Species of flowering plant

Eucomis humilis is a species of flowering plant in the family Asparagaceae, subfamily Scilloideae, native to KwaZulu-Natal and Lesotho. It was first described by Baker in 1895. The greenish to purplish flowers appear in summer and are arranged in a spike (raceme), topped by a "head" of green leaflike bracts. Cultivated as an ornamental plant, it can be grown successfully outside where frosts are not too severe.

==Description==
Eucomis humilis is a short summer-growing bulbous plant. Its bulb is ovoid, 3–5 cm across. Six to eight leaves emerge from the bulb, each about 35 cm long and 6–10 cm across. The bases of the leaves are sometimes spotted underneath. The margins are variously described as smooth without undulations or wavy-edged. The flowers are arranged in a short, rather slender raceme on a stem (peduncule) 20–30 cm tall. The raceme is topped by a head or "coma" of short bracts. The somewhat unpleasantly scented flowers have six greenish or purplish tepals, and purple stamen filaments. The ovary and the inflated capsule that develops from it are large and reddish purple in colour.

==Taxonomy==
Eucomis humilis was first described by John Gilbert Baker in 1895. The specific epithet humilis means low-growing or dwarf. Although relatively short, it is one of the usually larger tetraploid species of Eucomis, with 2n = 2x = 60.
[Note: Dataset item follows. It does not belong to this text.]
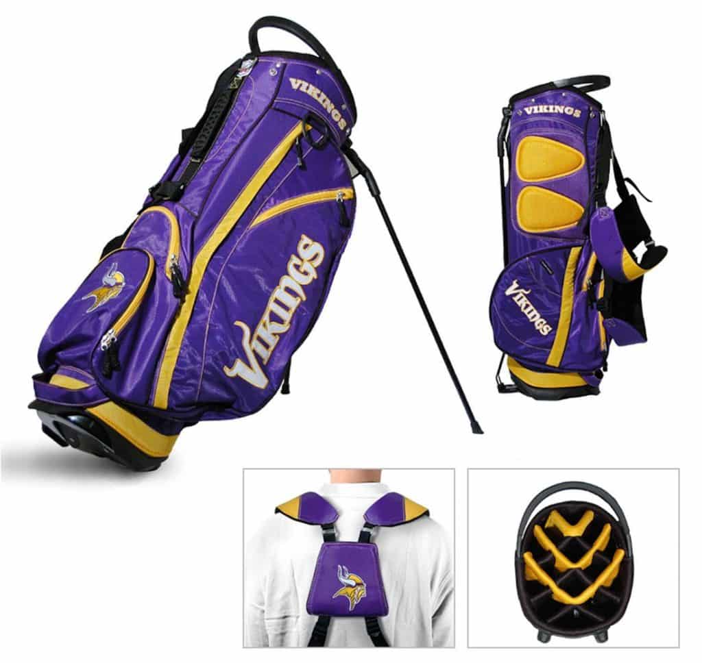 Minnesota Vikings Golf Stand Bag – Welcome to Detroit Game Gear here is the product description. This lightweight bag is also full of features, including integrated top handle, 14-way full length dividers, 6 location embroidery, 5 zippered pockets, 2 lift assist handles, cooler pocket, fleece lined valuables pouch, removable rain hood, umbrella holder and towel ring.

==Distribution and habitat==
Eucomis humilis is found in the South African province of KwaZulu-Natal and in Lesotho. In the Drakensberg alpine regions, it is found in generally damp habitats, such as stream gullies and grassland below cliffs, at altitudes of 2220–2900 m.

==Cultivation==
Eucomis humilis is grown as an ornamental garden plant. It can be planted in full sun or semi-shade, preferring nutrient-rich, well-drained soils. It tolerates some degree of frost. Plants collected at 2500 m in South Africa were grown and flowered successfully outside in the south of England at the Royal Botanic Gardens, Kew. It can be propagated from seeds, offsets and leaf cuttings.